Records show that 100 years ago today, a boy named Herman Poole Blount was born in Birmingham, Ala. Between that moment and his passing in 1993, the man nicknamed “Sonny” developed huge musical talent, synthesized an all-encompassing Afro-futurist worldview and grew into the name Le Sony’r Ra — Sun Ra for short. And he lives on as a cultural hero at the intersection of flamboyant outsider and self-made genius.

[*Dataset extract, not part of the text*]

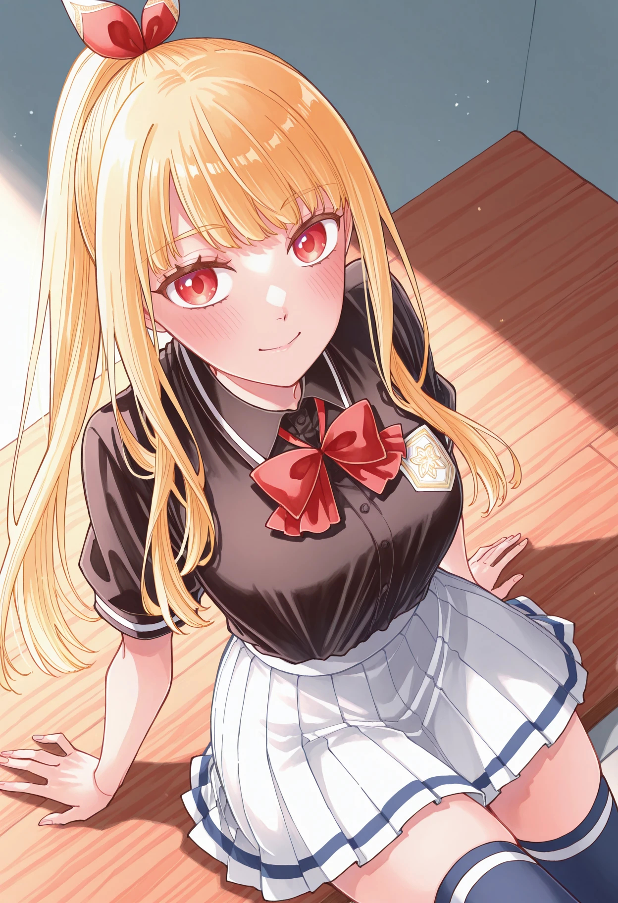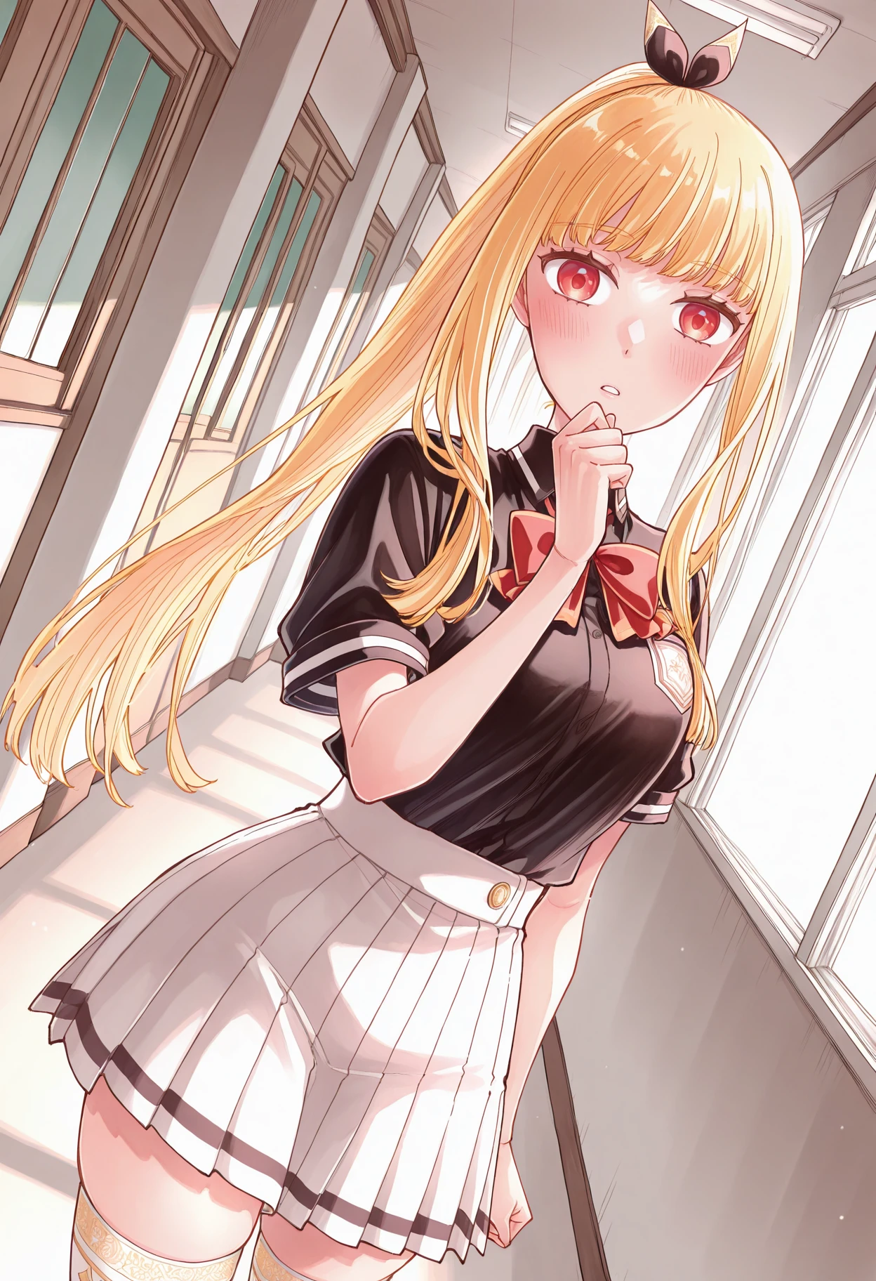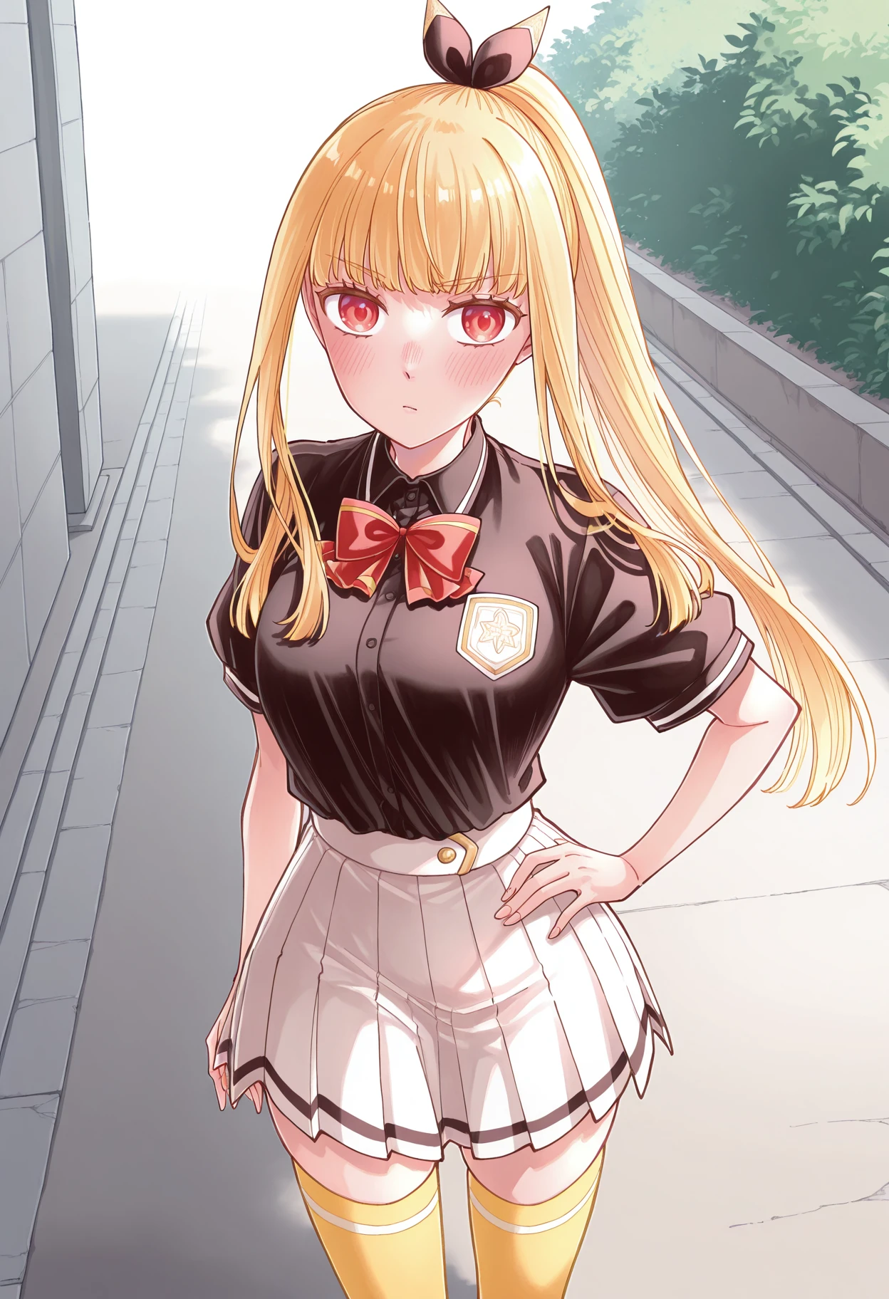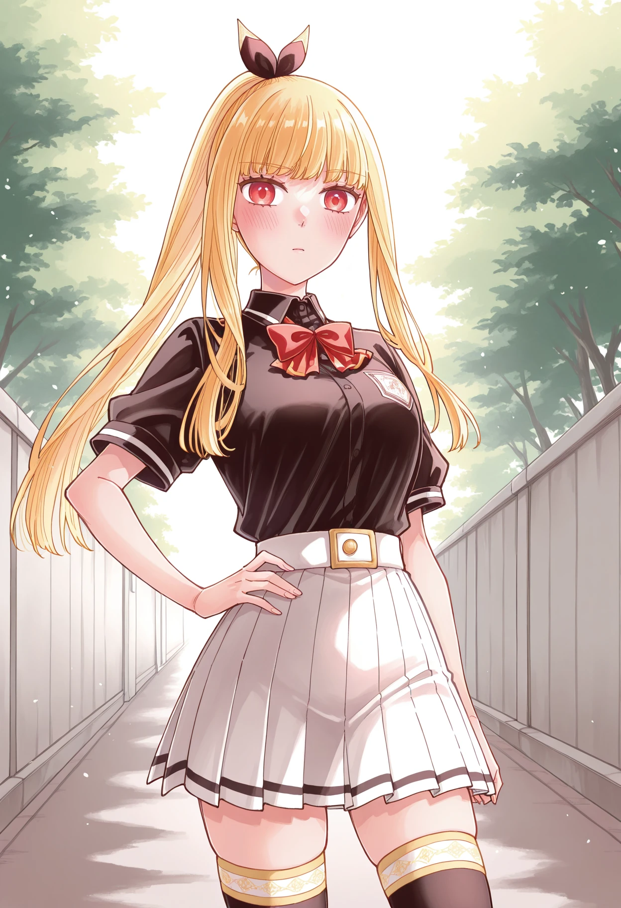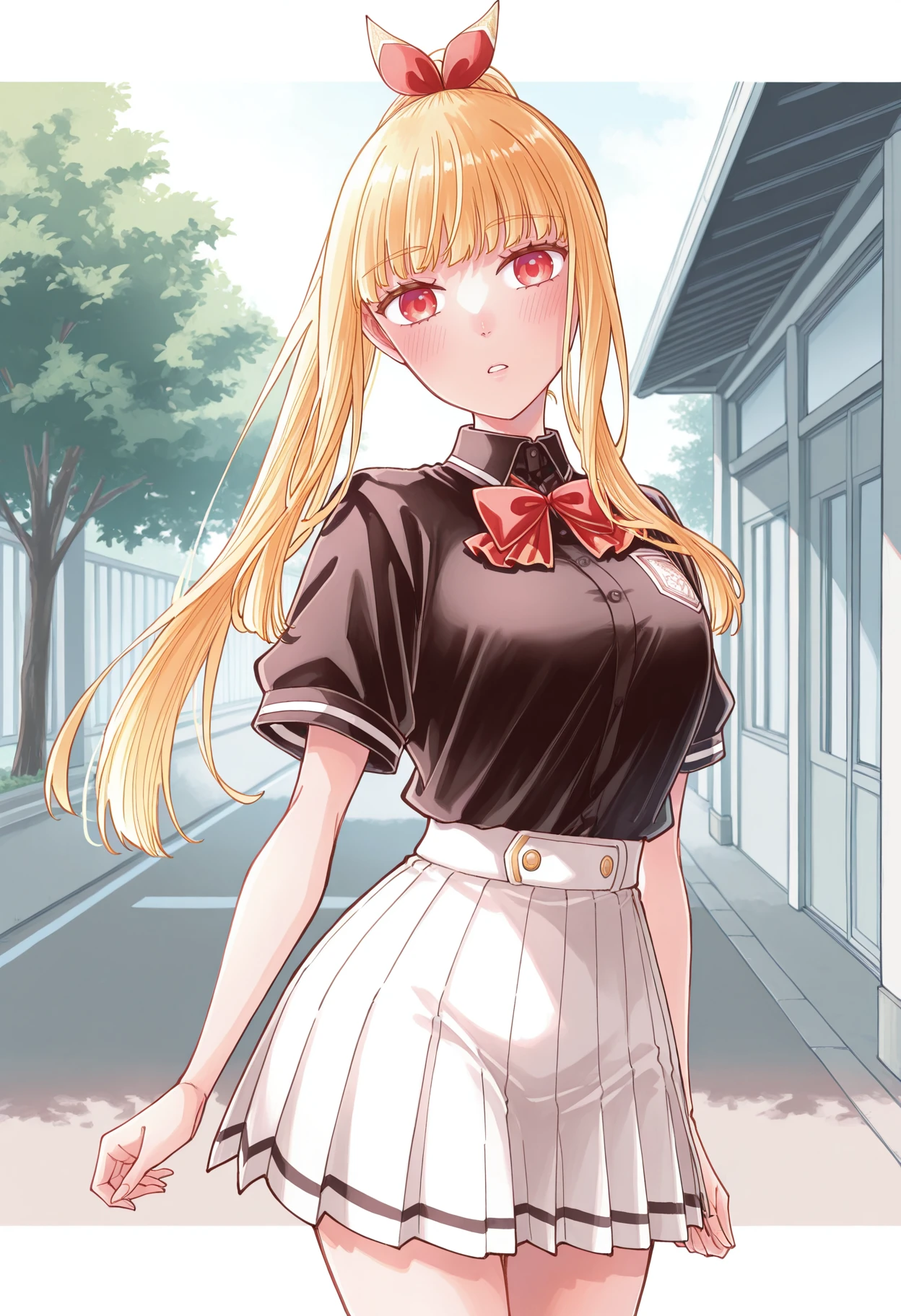 svmssak, long hair, blonde hair, red eyes, hair ribbon, ponytail,

For a man for whom outer space was a guiding metaphor, he was a lot of different things on Earth. Here’s a short list:
- He was a prolific composer who wrote over 1,000 tunes
- He was an accomplished pianist on acoustic and electric keyboards of all sorts
- He was a bandleader of small-to-medium-size experimental jazz combos
- He was a ringleader of a 20-to-30-piece big band (“Arkestra”) with full costumes, dancers and overhead projections
- He was a well-read man whose personal philosophy drew from Egyptology, black Freemasonry, Biblical exegesis, science and science fiction and most anything else that lay outside the traditional domains of scholarship
- He was an enigma to some jazz critics and enjoyed relatively little mainstream success
- He appeared of Rolling Stone magazine and as a musical guest on Saturday Night Live
- He was lionized by both white bohemians and Black Arts pioneers
- He was a black person who “arrived” in the American South in 1914, a conscientious objector in World War II and a participant — along with 6 million others — in the mid-century Great Migration of African Americans
- He was, according to him, not from this planet, with no family and not a human
Behind his esoteric parables, contradictions and mythologies, there’s at least one constant. Sun Ra was often recognized as one of the hardest-working musicians anywhere he went — and surely one of the most original.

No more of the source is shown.